Western dances are increasingly slipping into Chinese fitness routines. Chen Nan gets a feel for the moves, once taboo in China.
Belly dancing. Pole dancing. Salsa. Foreign dance styles are twirling into China with nimble steps, especially as fitness routines. Li Yulin's family worried he wouldn't get a good job when he started learning "indecent" Latin dance as a boy.
Since 2005, Yulin Latin has opened 10 Beijing studios with more than 800 children as members.
Li says he fell in love with dances that originated in Latin America.
"The electric moves. The passionate music. My parents disapproved. I had to learn in secret."
Now, Li teaches the moves to children, ages 4 to 12. The yearly costs at Yulin Latin are from 5,000 ($781) to 8,000 yuan.
"Kids come because their parents consider it exercise, social development and fun," Li says.
"We start by teaching simple moves to Latin music. Girls especially love the colorful dresses and shoes. They're easily drawn to it."
He came to Beijing from Henan province in 2004 to work in a Latin dance bar.
Chinese attitudes have shifted in the past few years.
The demand was fueled by Chinese winning international Latin dance competitions and the popularity of such TV programs as US shows So You Think You Can Dance and Let's Shake It in China.
Zhang Miao says she was surprised at how quickly her interest surged after her first belly-dancing class, a 50-minute session at Beijing's Payot Dance Studio with 11 other women.
"The class is thrilling-the music, the moves, the clothes," the 36-year-old says.
The Beijinger has been working out to lose weight and tone her body since becoming a mother 10 years ago. Zhang, who trades stocks from home, considers it a way of relaxing.
"I took a few Chinese folk-dance classes, but they're too hard," she says.
"It requires years of practice. But you can belly dance even if you've never danced before."
Western-style dances have muscled into Chinese fitness programs, especially those for white-collar women and young mothers, Payot Dance Studio's founder Sun Yushuo says.
More than 1,000 members have joined Payot's two studios in the capital, the first of which Sun opened nearly half a decade ago. With the monthly and yearly cards priced from 1,000 to 5,000 yuan, the studio offers seven types of classes, including jazz, Latin and ballet.
About 20 people came for the first lessons.
"But as Western culture-movies, music and fashion-influenced Chinese, and especially the youth, dance programs-hip-hop, salsa, Latin-have worked their ways into gyms that then developed dance studios," says Sun.

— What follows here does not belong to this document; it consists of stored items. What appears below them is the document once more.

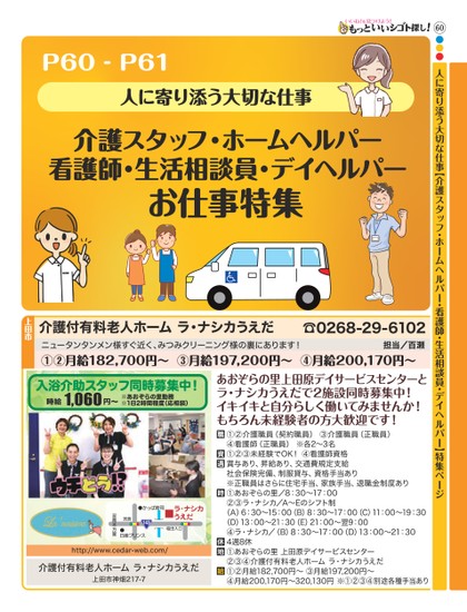 60●●●人に寄り添う大切な仕事【介護スタッフ・ホームヘルパー・看護師・生活相談員・デイヘルパー】特集ページP60-P61人に寄り添う大切な仕事介護スタッフ・ホームヘルパー看護師・生活相談員・デイヘルパーお仕事特集ニュータンタンメン様すぐ近く、みつみクリーニング様の裏にあります!①②月給182,700円〜③月給197,200円〜④月給200,170円〜担当/百瀬☎0268-29-6102介護付有料老人ホームラ・ナシカうえだ上田市入浴介助スタッフ同時募集中!1,060円〜時給※あおぞらの里勤務※1日2時間程度(応相談)http://www.cedar-web.com/介護付有料老人ホームラ・ナシカうえだ上田市神畑217-7あおぞらの里上田原デイサービスセンターとラ・ナシカうえだで2施設同時募集中!イキイキと自分らしく働いてみませんか!もちろん未経験者の方大歓迎です!①②介護職員(契約職員)③介護職員(正職員)④看護師(正職員)※各2〜3名①②③未経験でOK!④看護師資格賞与あり、昇給あり、交通費規定支給社会保険完備、制服貸与、資格手当あり※正職員はさらに住宅手当、家族手当、退職金制度あり①あおぞらの里/8:30〜17:00②③ラ・ナシカ/A〜Eのシフト制(A)6:30〜15:00(B)8:30〜17:00(C)11:00〜19:30(D)13:00〜21:30(E)21:00〜翌9:00④ラ・ナシカ/(B)8:30〜17:00(D)13:00〜21:304週8休①あおぞらの里上田原デイサービスセンター②③④介護付有料老人ホームラ・ナシカうえだ①②月給182,700円〜③月給197,200円〜④月給200,170円〜320,130円※①②③④別途各種手当あり
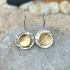 These handmade two tone earrings are a perfect addition to our Beach Stone Collection. These earrings features a round hammered sterling silver with smooth brushed 9K gold center that evoke the memory of beach walks and found treasures.
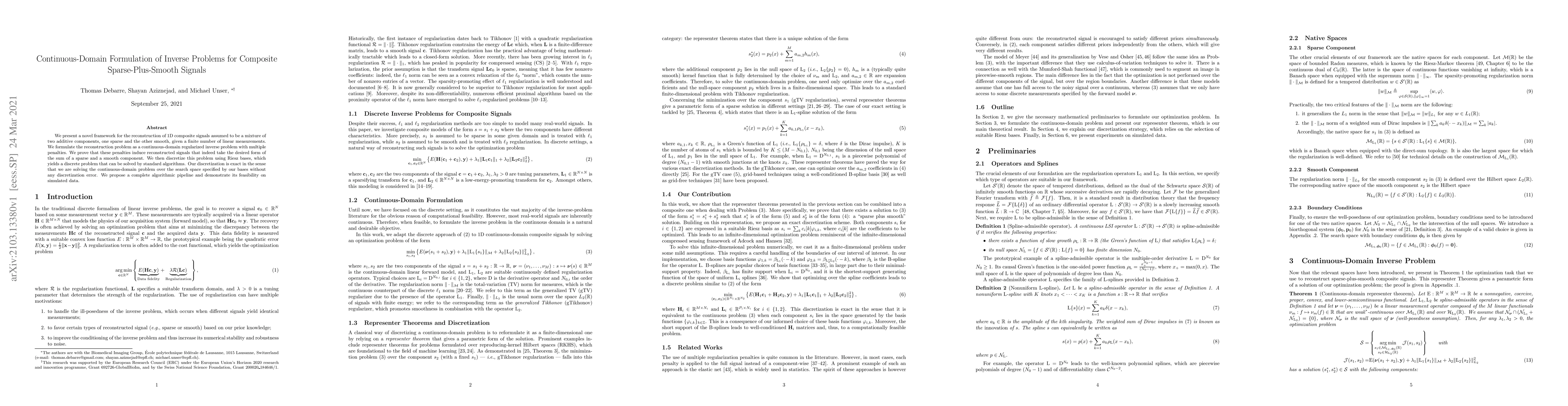 Researchers develop a new framework to reconstruct composite signals as a sum of sparse and smooth components from limited linear measurements, using continuous-domain regularization.
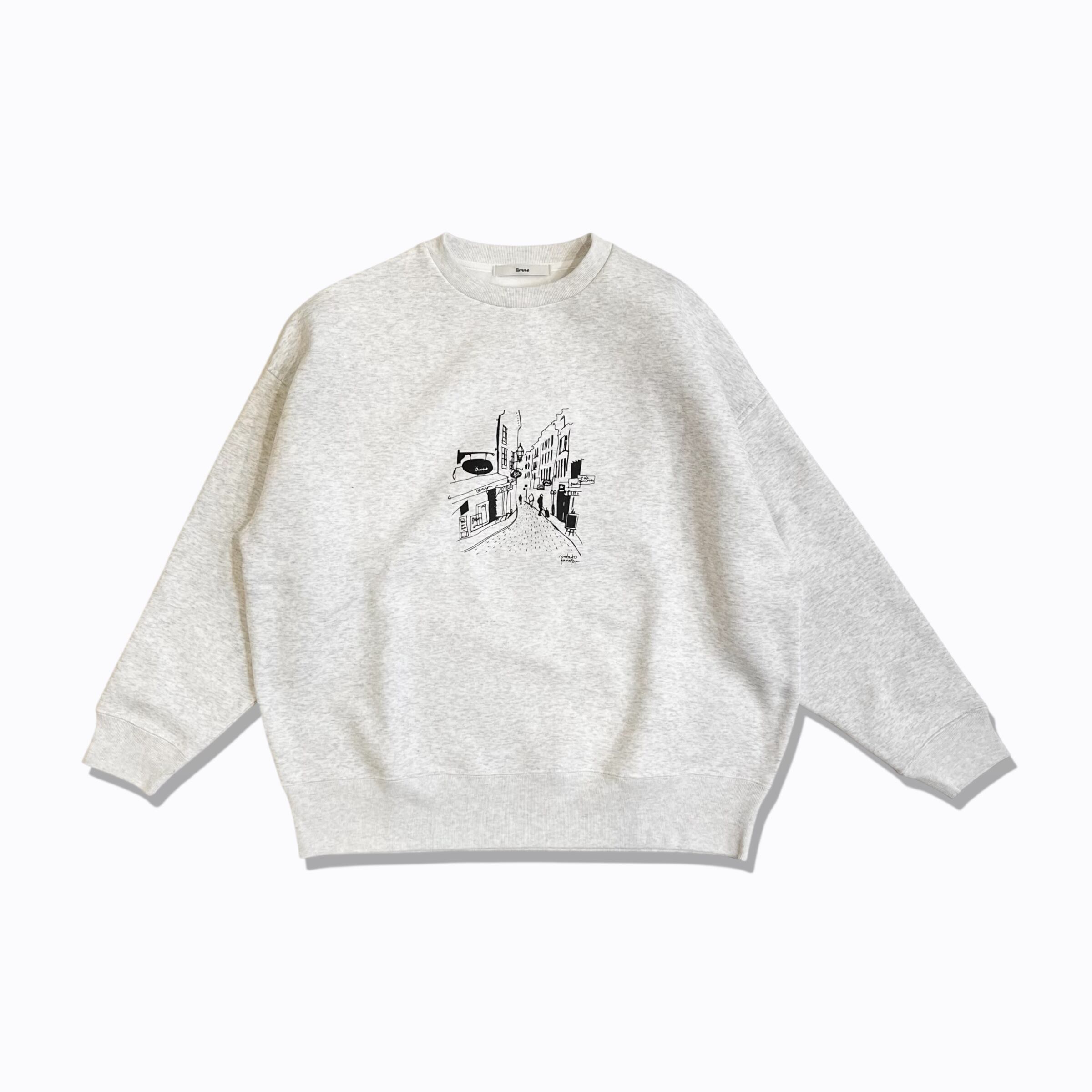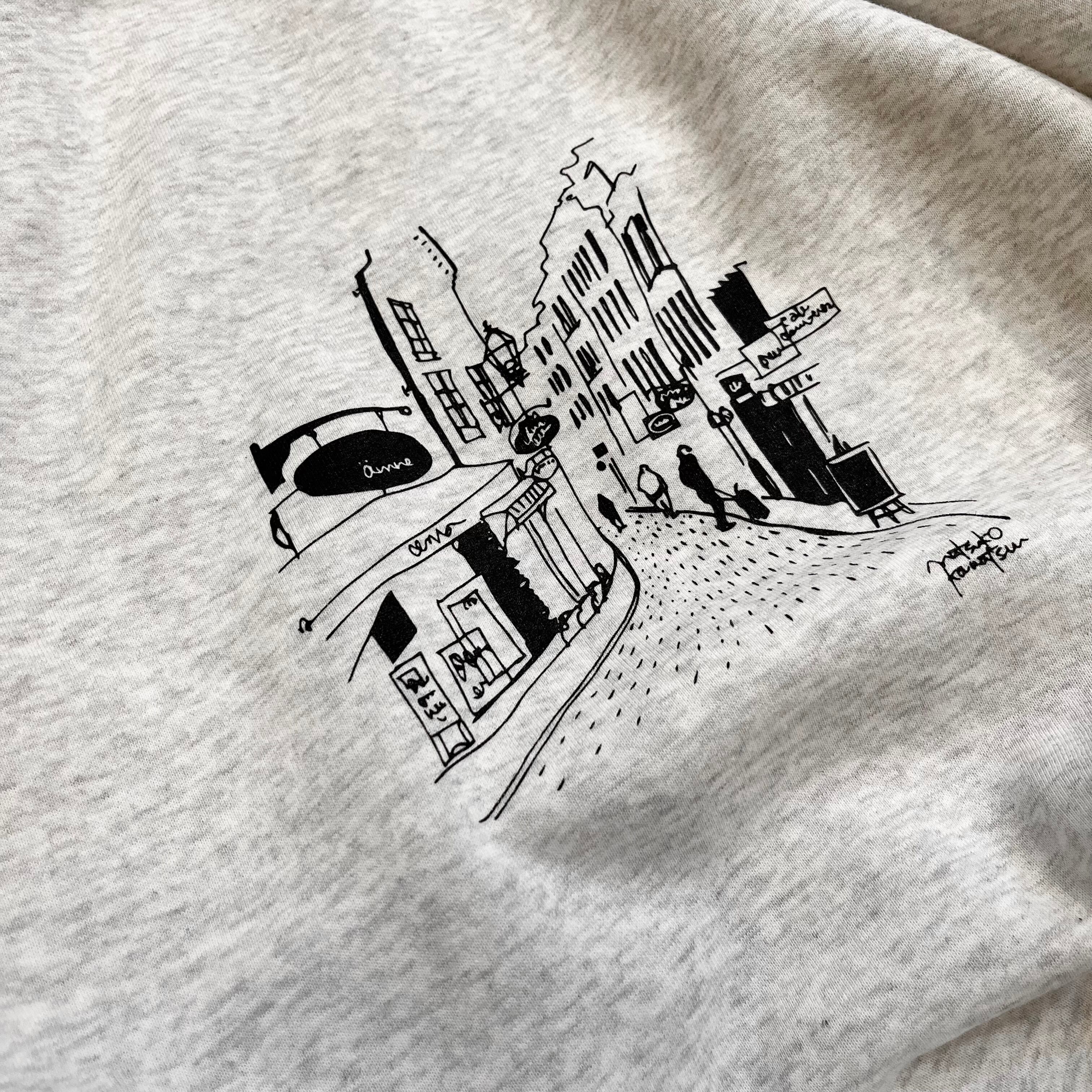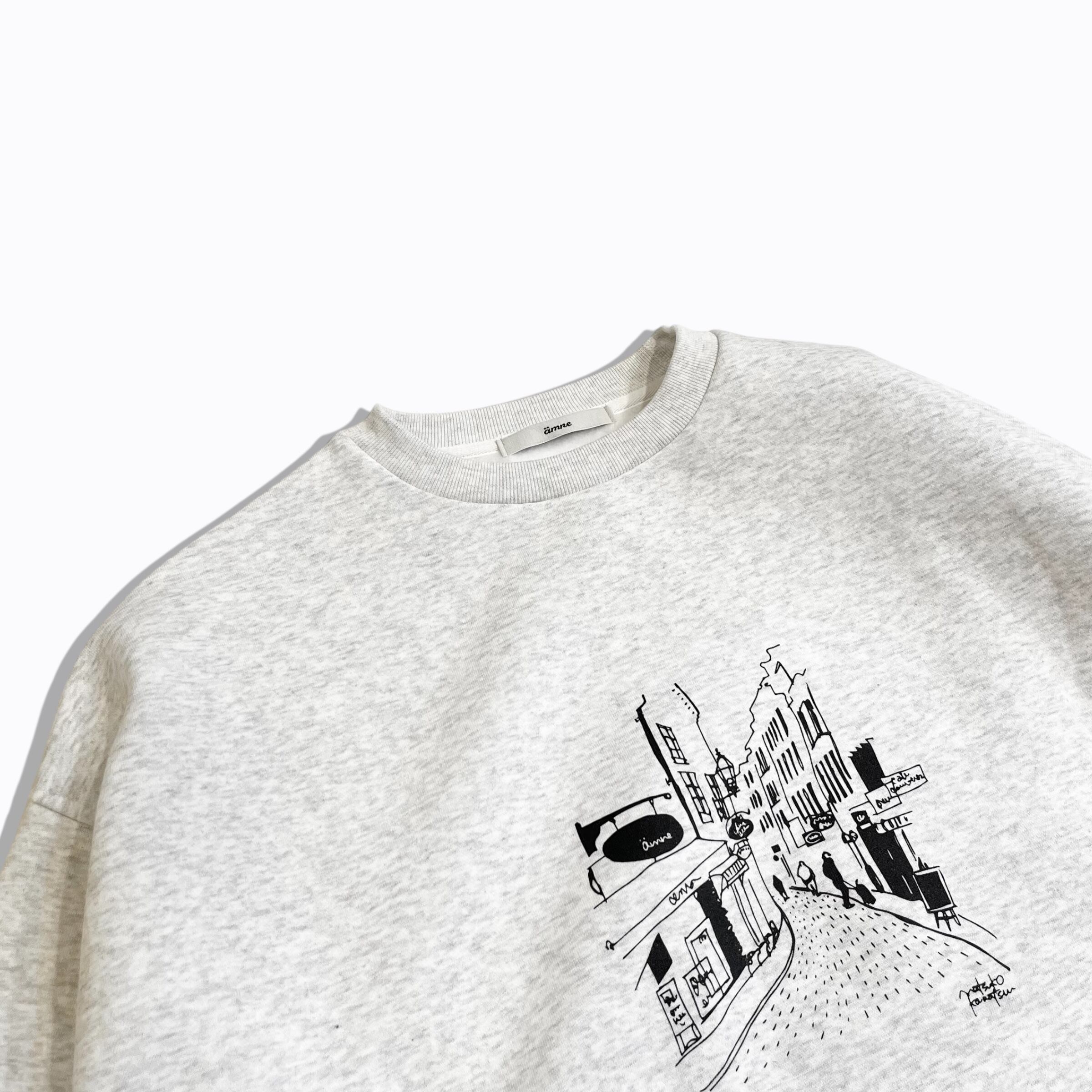 柔らかな着心地、程よいハリと弾力感のあるスウェットシャツをベースに、スウェーデンの街 "ガラムスタン" をモチーフに描かれたグラフィックのプリントで仕上げたアイテムです。

Sun graduated from Beijing Dance Academy with a major in traditional Chinese dance and choreography. He choreographed such government-sponsored galas as those for the 2010 Asian Games in Guangdong's provincial capital, Guangzhou, before opening his studio.
Wei Hong, a belly-dance teacher at Sun's studio since 2011, says she had to teach herself when she started in 2000 because there were no establishments offering training.

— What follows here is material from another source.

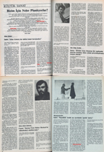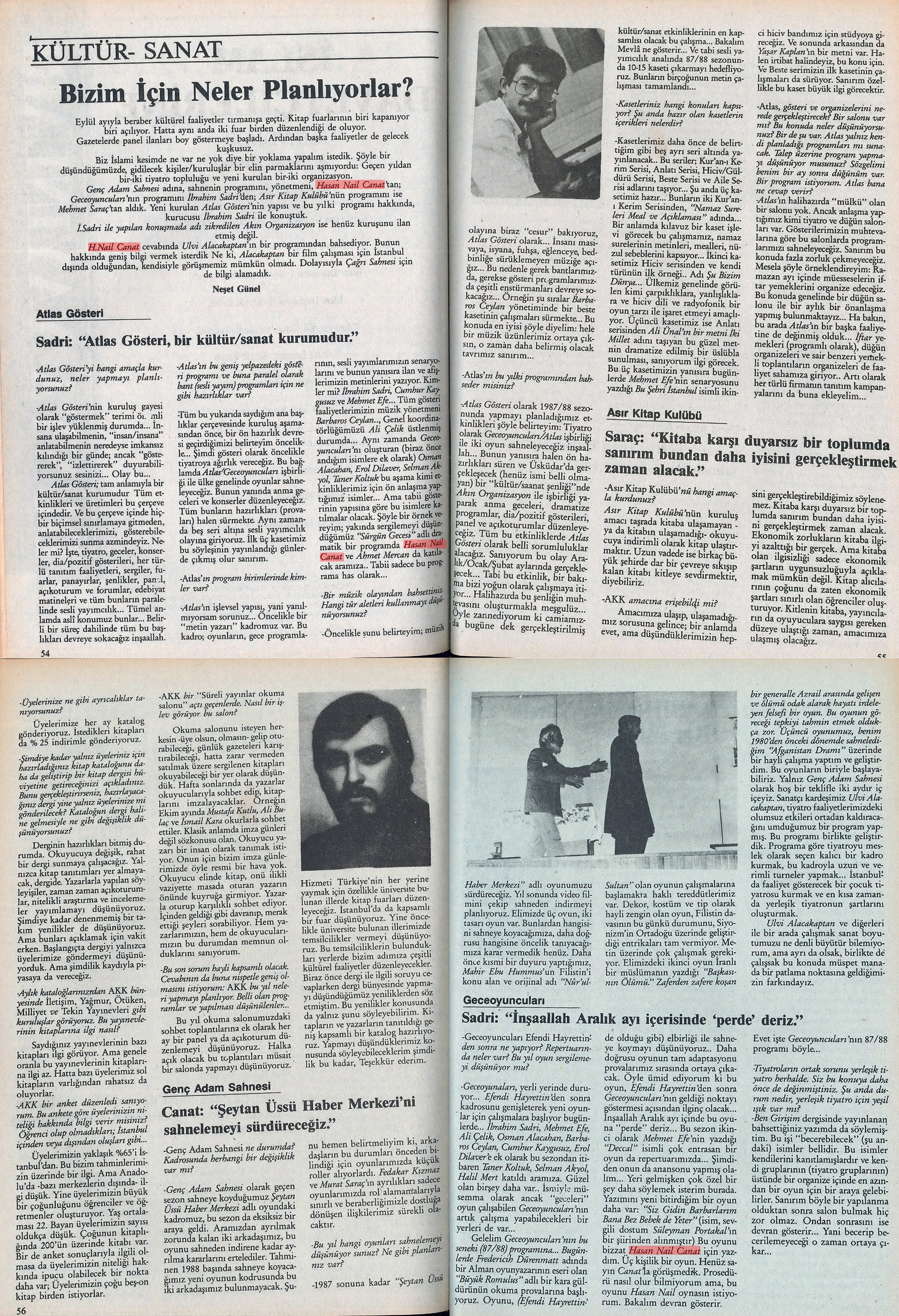 Neşet Günel / Bizim için neler planlıyorlar? Girişim Dergisi / 01.11.1987 Eylül ayıyla beraber kültürel faaliyetler tırmanışa geçti. Kitap fuarlarının biri kapanıyor, biri açılıyor. Hatta aynı anda iki fuar birden düzenlendiği de oluyor. Gazetelerde panel ilanları boy göstermeye başladı. Ardından başka faaliyetler de gelecek kuşkusuz. Biz İslâmi kesimde ne var ne yok diye bir yoklama yapalım istedik. Şöyle bir düşündüğümüzde, gidilecek kişiler/kuruluşlar bir elin parmaklarını aşmıyordu: Geçen yıldan bir-iki tiyatro topluluğu ve yeni kurulan bir-iki organizasyon. Genç Adam Sahnesi adına, sahnenin programını, yönetmeni, Hasan Nail Canat'tan; Geceoyuncuları'nın programını İbrahim Sadri'den; Asır Kitap Kulübü'nün programını ise Mehmet Saraç'tan aldık. Yeni kurulan Atlas Gösteri'nin yapısı ve bu yılki programı hakkında, kurucusu İbrahim Sadri ile konuştuk. İ. Sadri ile yapılan konuşmada adı zikredilen Akın Organizasyon ise henüz kuruluşunu ilan etmiş değil. H. Nail Canat cevabında Ulvi Alacakaptan'ın bir programından bahsediyor. Bunun hakkında geniş bilgi vermek istedik. Ne ki, Alacakaptan bir film çalışması için İstanbul dışında olduğundan, kendisiyle görüşmemiz mümkün olmadı. Dolayısıyla Çağrı Sahnesi için de bilgi alamadık. Atlas Gösteri

"I saw my body change," the 48-year-old says.
"I felt not only slimmer but also healthier and more confident. It was considered too sexy by many dance students then."
She learned from DVDs and books.
Sun points out many Western dances feature fast music and unconventional movements that distinguish them from the slow and conservative Chinese folk dances.
He says different personalities study different styles.
"Freer spirits choose belly dancing, Latin and jazz. Chinese folk dances are better for shy students."
Competition is fierce, Li says.
That ups the standards for instruction, cosmetics and onstage opportunities.
Li will lead 18 children to compete in a contest in Taiwan in late August.
"Some people dance to dance, others for exercise," Li says.
"But all who dance regularly form an emotional attachment to it."